Les chambres en revanche laissent à désirer : les matelas de la chambre New York ont presque autant de puces que ceux de la chambre russe, mais le lit de cette dernière n’a pas de sommier. L’absence d’alternative nous contraint à passer une nuit écourtée dans cette tanière, avant la longue étape du lendemain, pile sur la ligne de front.

L’usine d’Avdiivka, une fabrique de houille, se trouve en zone rouge. C’est-à-dire qu’il y tombe fréquemment des obus. Le rendez-vous pris avec le directeur de l’usine nous permet de passer le dernier poste de contrôle, deux soldats nous accompagnent jusqu’au portail. Peut-être ont-ils peur que nous en profitions pour visiter le champ de bataille. Le bruit sourd des bombardements nous parvient du lointain, personne ne semble y prêter la moindre attention. Un contremaître élude la question en rigolant. Les explosions qui semblent se rapprocher sont de la roupie de sansonnet en rapport de ce qu’ils ont traversé les jours précédents.
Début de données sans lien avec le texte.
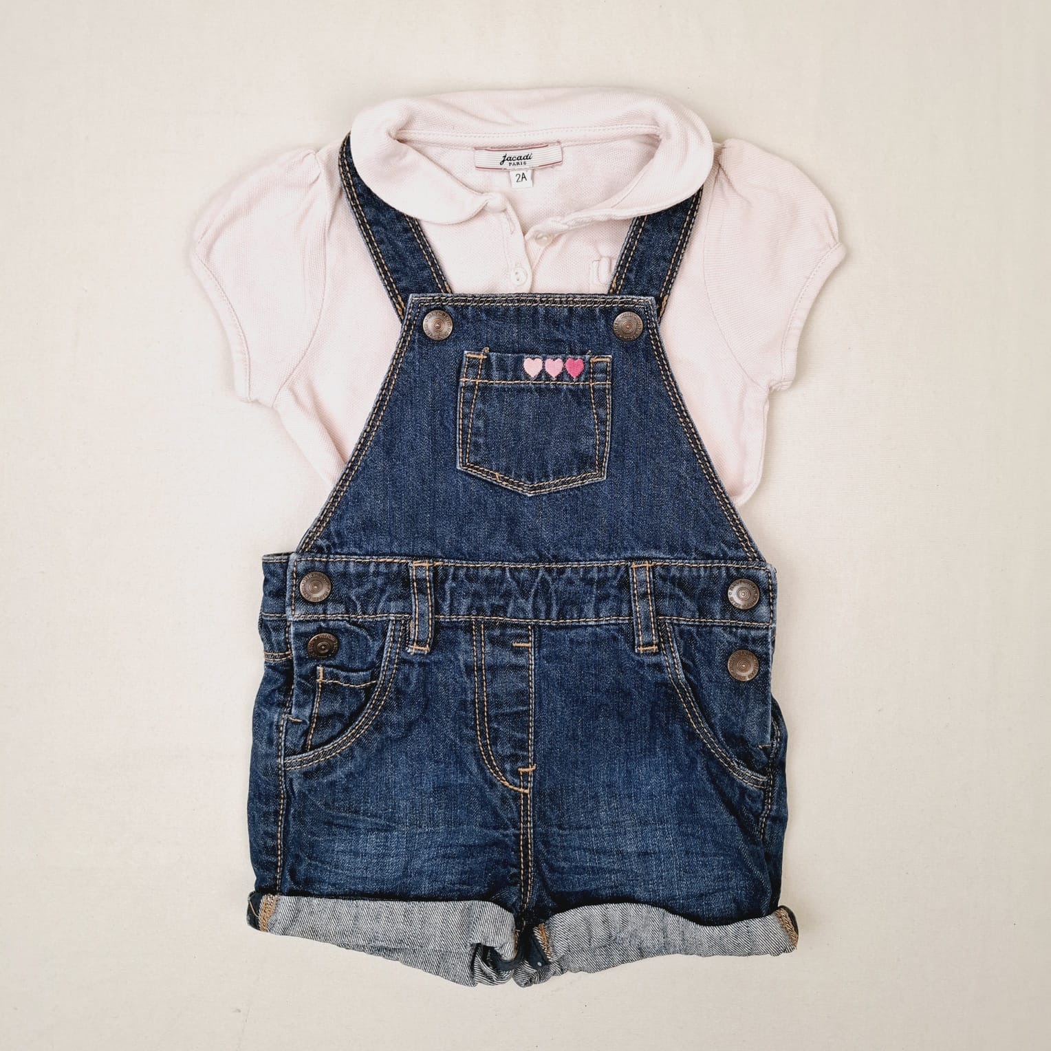 Autres commentaires : Ensemble 2 pièces : – Salopette short Kiabi en jean bleu foncé, ceinture ajustable par élastique intérieur, revers au niveau des cuisses, fermeture latérale et des bretelles par boutons pression, 100% coton avec doublure bleu marine à pois gris mauve en 80% polyester et 20% coton. – OFFERT : polo manches courtes Jacadi rose pâle avec manches ballon, 100% coton. Petit défaut : quelques éclaboussures devant.
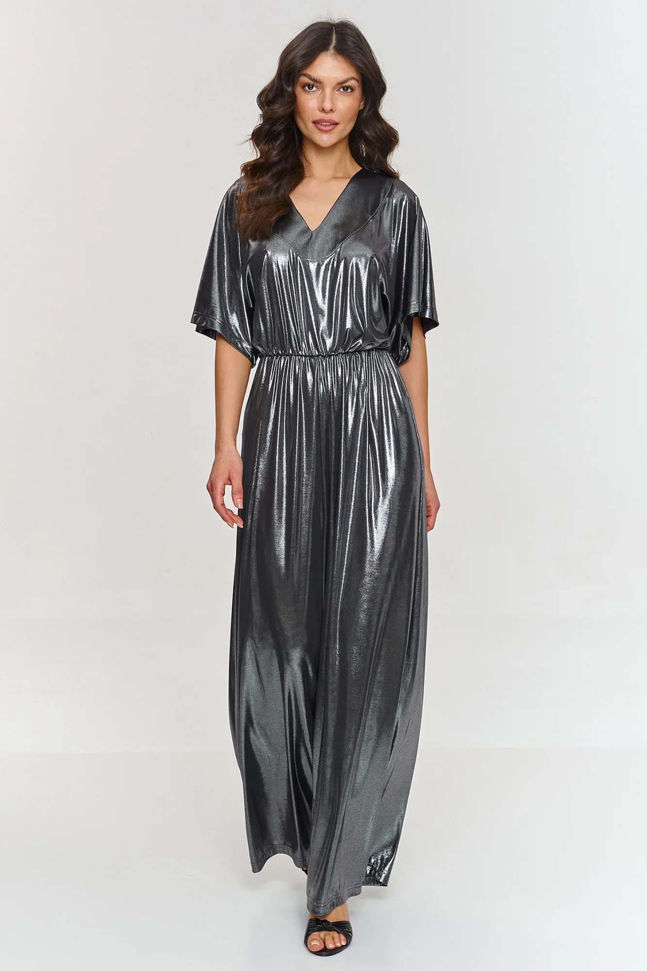 Tento overal je kombinací elegance a pohodlí, která jistě přitáhne pozornost na každé speciální události. Volný vrch s rukávy v kimono stylu mu dodává lehkosti a volnosti. Tento detail dělá outfit vypadat výjimečně a stylově, zároveň neomezujíc pohyb. Výstřih do srdce je decentní a elegantní, skvěle zdůrazňuje krk a ramena. Tento střih výstřihu přidává smyslnost a zdůrazňuje ženskou siluetu, zachovávajíce přitom klasický, elegantní vzhled. Široké nohavice dávají overalu lehkost a zároveň zakrývají nedokonalosti postavy a umožní prodloužit siluetu. Elastický pas v pasu zaručuje přizpůsobení a zdůraznění figury, vytvářejíc efekt vydřeného pasu. Díky tomu se overal nejen stylově, ale i pohodlně prezentuje po celý den nebo večer. Model je vyroben z jemného materiálu s kovovým zpracováním, dodávající outfitu výjimečný lesk a moderní charakter. Overal v kovové barvě s výstřihem do srdce je návrh, který tě vystaví z davu. Jeho moderní střih a lesklý materiál ti zajistí pocit jistoty a stylu na každé party. Jedná se o skvělou alternativu k šatům, zaručující pohodlí a výjimečný vzhled. Elastan 7 % Polyester 93 % Velikost DélkaObvod beder Obvod prsou Obvod v pase 36150 cm104 cm104 cm96 cm38152 cm108 cm108 cm100 cm40154 cm112 cm112 cm104 cm42156 cm116 cm116 cm108 cm
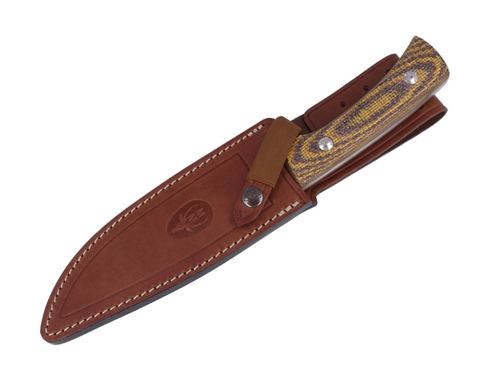 Lovecký nôž Jabali-17G od španielskej firmy Muela Manufacturas je robustný a odolný nôž s full-tang konštrukciou vhodný pre poľovníkov, na táborenie a do prírody. Čepeľ tvaru bowie dĺžky 17 cm je vďaka hrúbke 4,5 mm pomerne masívna. Čepeľ z nerezovej ocele X50CrMoV15 má povrchovú úpravu satin a dutý výbrus. Rukoväť z micarty hnedej farby so vzorom. Súčasťou balenie je kvalitné kožené puzdro s možnosťou zavesenia na opasok.
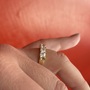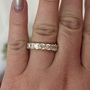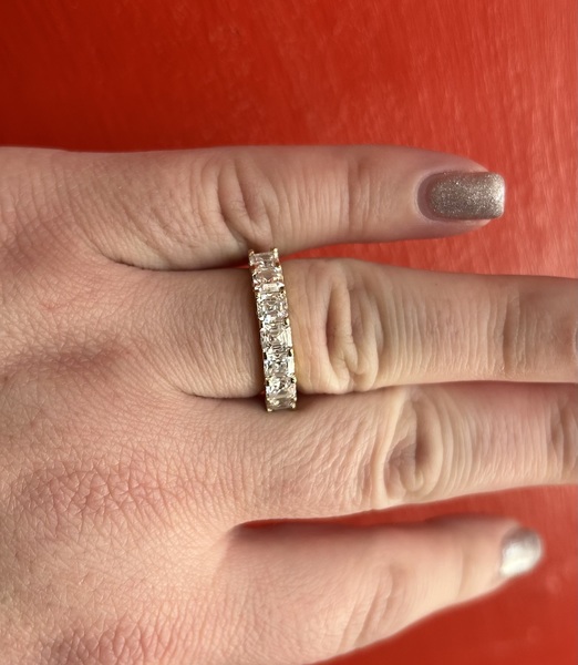 A gorgeous asscher cut moissanite half eternity band set in 10k yellow gold. The ring features 7 asscher cut moissanite measuring 4 mm and the band is 2 mm at it's thinnest. It is very comfortable and sits low on the finger.
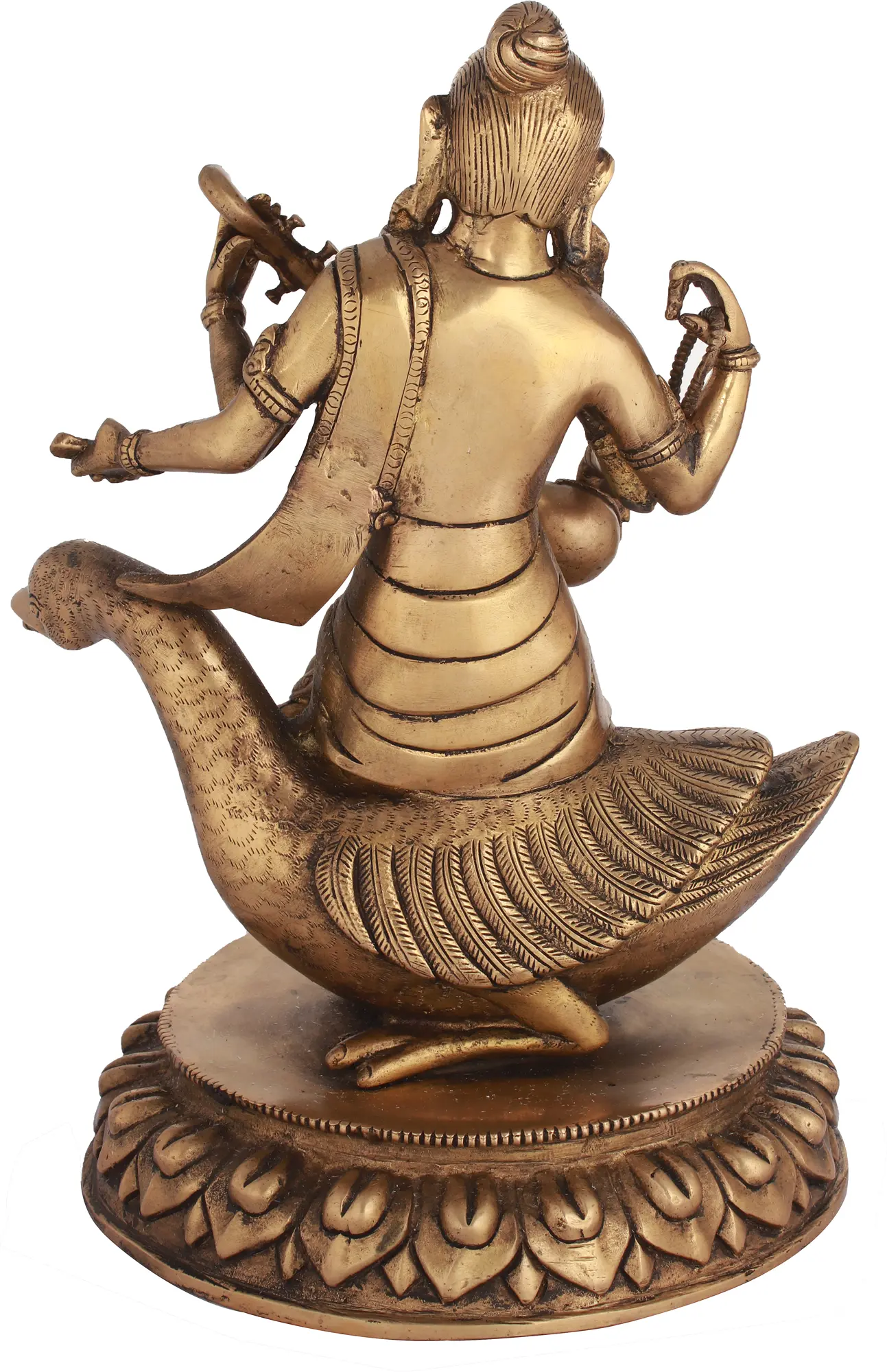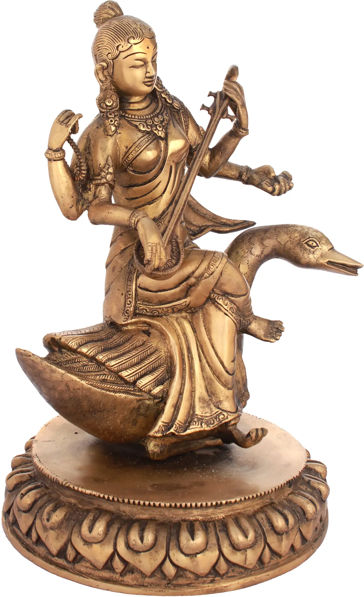 Enhance your spiritual and intellectual pursuits with this exquisite handmade brass statue of Goddess Saraswati. In Hindu philosophy, Saraswati is the embodiment of knowledge, art, and music. This beautifully crafted piece captures the essence of her grace and wisdom, making it a perfect addition to your study or creative space. Allow her presence to inspire your quest for knowledge and creativity.

Mais les détonations se rapprochent, se rapprochent, et les vitres se mettent à trembler. Nous sommes en pleine interview lorsque la secrétaire du directeur fait irruption paniquée: aux abris! Tout semble mort au septième étage, les employés sont à la cave, sauf dans un bureau où le personnel presque exclusivement féminin continue son travail, imperturbable. Alentours, à travers les immenses baies vitrées, des cônes de fumée blanche s’élèvent en rase campagne.